Due to historical reasons, there were many sub-domains defined in the Policy field, such as learn, collect, eval, other, and so on. However, in the latest version of DI-engine (>=0.4.7), the mandatory dependency on these definitions has been removed. Now, using or not using these structures is optional, as long as the configuration fields are corresponded with the corresponding effective code segments in the policy.

Other Tools

DI-engine also provides some related tools for configuration file storage and formatting. For specific information, please refer to the code ding/config .

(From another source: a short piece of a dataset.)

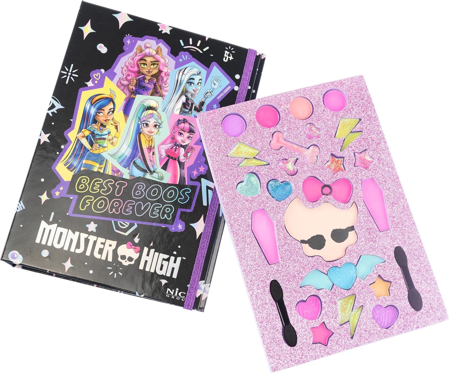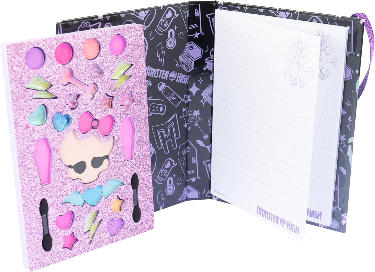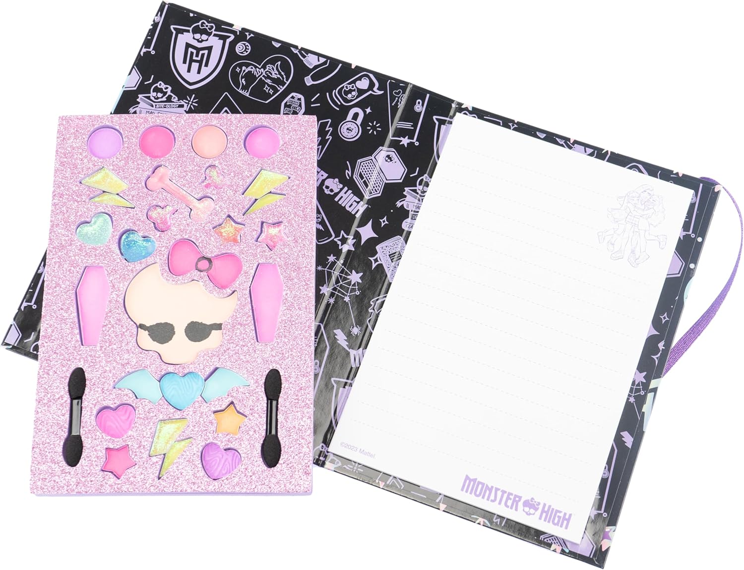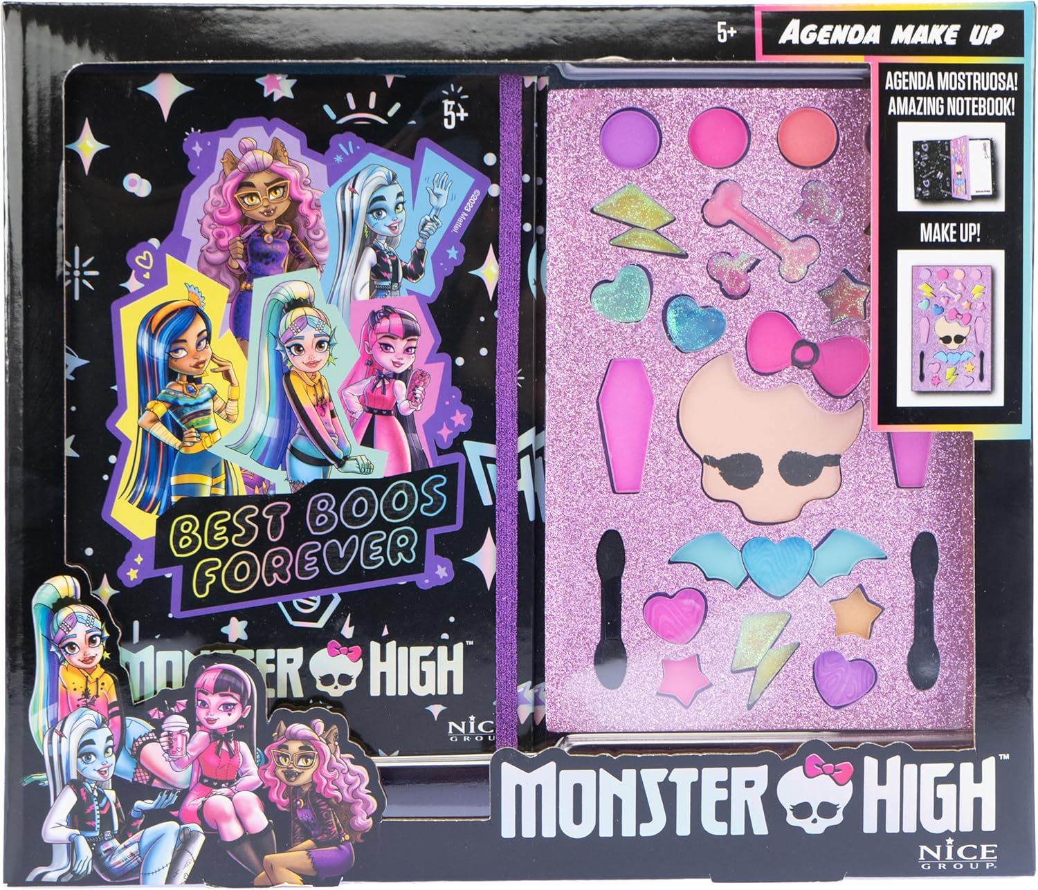 Diario Monster HIGH: diario trucco con cartoncino solido dai colori vivaci su sfondo nero in cui puoi scrivere e disegnare appunti. TRUCCO: All'interno troverai un kit trucco con ombretto, lucidalabbra e applicatori per aiutarti a ricreare un look in stile ragazze Monster High. CONTENUTO: 1 diario, 1 set trucco. Il gioco è testato, sicuro e conforme alle normative europee sui giocattoli. Dimensioni: L 14 x A 20 x P 2 cm. Prodotto originale. Bel gruppo. Età consigliata: dai 5 anni

Analysis of Configuration File Examples

Here’s a specific configuration example in DI-engine, which is used to train a DQN agent in the CartPole environment (the example used in the quick start document). The specific configuration content and related field explanations are as follows:

from easydict import EasyDict


cartpole_dqn_config = dict(
    exp_name='cartpole_dqn_seed0',
    env=dict(
        collector_env_num=8,
        evaluator_env_num=5,
        n_evaluator_episode=5,
        stop_value=195,
    ),
    policy=dict(
        cuda=False,
        model=dict(
            obs_shape=4,
            action_shape=2,
        ),
        nstep=1,
        discount_factor=0.97,
        learn=dict(
            update_per_collect=5,
            batch_size=64,
            learning_rate=0.001,
        ),
        collect=dict(n_sample=8),
    ),
)
cartpole_dqn_config = EasyDict(cartpole_dqn_config)
main_config = cartpole_dqn_config
cartpole_dqn_create_config = dict(
    env=dict(
        type='cartpole',
        import_names=['dizoo.classic_control.cartpole.envs.cartpole_env'],
    ),
    env_manager=dict(type='base'),
    policy=dict(type='dqn'),
)
cartpole_dqn_create_config = EasyDict(cartpole_dqn_create_config)
create_config = cartpole_dqn_create_config

if __name__ == "__main__":
    # or you can enter `ding -m serial -c cartpole_dqn_config.py -s 0`
    from ding.entry import serial_pipeline
    serial_pipeline((main_config, create_config), seed=0)

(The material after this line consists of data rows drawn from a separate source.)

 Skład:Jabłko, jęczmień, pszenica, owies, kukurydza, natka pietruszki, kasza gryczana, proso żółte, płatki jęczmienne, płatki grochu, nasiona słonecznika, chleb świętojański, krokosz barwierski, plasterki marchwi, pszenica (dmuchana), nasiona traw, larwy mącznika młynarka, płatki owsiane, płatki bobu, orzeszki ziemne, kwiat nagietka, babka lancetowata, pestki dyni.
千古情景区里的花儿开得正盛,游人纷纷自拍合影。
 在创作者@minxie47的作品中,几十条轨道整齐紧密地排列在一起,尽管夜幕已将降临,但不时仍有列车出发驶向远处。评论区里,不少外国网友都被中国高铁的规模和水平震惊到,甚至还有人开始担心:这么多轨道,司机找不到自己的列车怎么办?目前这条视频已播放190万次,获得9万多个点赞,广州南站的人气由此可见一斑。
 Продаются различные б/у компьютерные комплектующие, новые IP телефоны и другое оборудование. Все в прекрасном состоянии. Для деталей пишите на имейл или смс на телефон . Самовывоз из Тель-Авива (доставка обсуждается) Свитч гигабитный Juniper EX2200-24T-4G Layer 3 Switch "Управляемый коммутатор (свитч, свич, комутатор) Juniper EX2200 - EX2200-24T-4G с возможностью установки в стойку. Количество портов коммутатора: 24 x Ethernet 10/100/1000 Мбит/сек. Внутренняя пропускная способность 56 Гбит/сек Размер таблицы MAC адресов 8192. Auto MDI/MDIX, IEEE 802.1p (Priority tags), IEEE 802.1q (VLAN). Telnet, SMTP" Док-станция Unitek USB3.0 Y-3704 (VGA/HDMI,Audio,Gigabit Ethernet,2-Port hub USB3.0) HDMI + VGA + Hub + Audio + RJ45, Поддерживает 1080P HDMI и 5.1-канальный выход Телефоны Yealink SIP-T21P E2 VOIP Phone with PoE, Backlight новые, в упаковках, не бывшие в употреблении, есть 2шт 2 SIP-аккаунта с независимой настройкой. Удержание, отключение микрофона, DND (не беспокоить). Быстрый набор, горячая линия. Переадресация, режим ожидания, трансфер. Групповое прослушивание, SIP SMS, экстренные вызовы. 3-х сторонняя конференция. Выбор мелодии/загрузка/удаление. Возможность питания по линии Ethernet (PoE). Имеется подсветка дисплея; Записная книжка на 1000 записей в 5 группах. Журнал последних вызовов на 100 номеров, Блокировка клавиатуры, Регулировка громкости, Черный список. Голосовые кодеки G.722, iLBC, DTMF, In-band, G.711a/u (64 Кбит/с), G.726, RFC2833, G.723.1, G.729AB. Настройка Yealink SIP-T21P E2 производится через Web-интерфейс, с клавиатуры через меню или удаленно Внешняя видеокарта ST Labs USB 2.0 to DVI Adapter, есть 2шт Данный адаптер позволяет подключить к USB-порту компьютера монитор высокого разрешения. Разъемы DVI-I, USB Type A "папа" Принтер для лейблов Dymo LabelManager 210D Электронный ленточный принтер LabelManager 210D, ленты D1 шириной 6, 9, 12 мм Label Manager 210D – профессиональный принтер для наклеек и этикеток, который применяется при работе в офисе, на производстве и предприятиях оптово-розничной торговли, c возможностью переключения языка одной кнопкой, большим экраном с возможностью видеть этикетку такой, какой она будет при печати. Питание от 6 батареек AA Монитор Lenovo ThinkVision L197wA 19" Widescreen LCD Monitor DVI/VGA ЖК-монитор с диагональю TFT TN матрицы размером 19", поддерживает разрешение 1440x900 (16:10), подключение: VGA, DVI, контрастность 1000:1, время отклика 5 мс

The entire configuration file can be divided into two parts, main_config and create_config . The main configuration (main_config) contains three parts: experiment name (exp_name), environment (env), and policy (policy), which respectively specify the most relevant and frequently modified configuration fields for the current task.

The creation configuration specifies the types of environment, environment manager, and policy, so that the quick training entry serial_pipeline below can directly run this configuration file. If you are using the task/middleware method to customize the training entry, you can directly load this configuration file.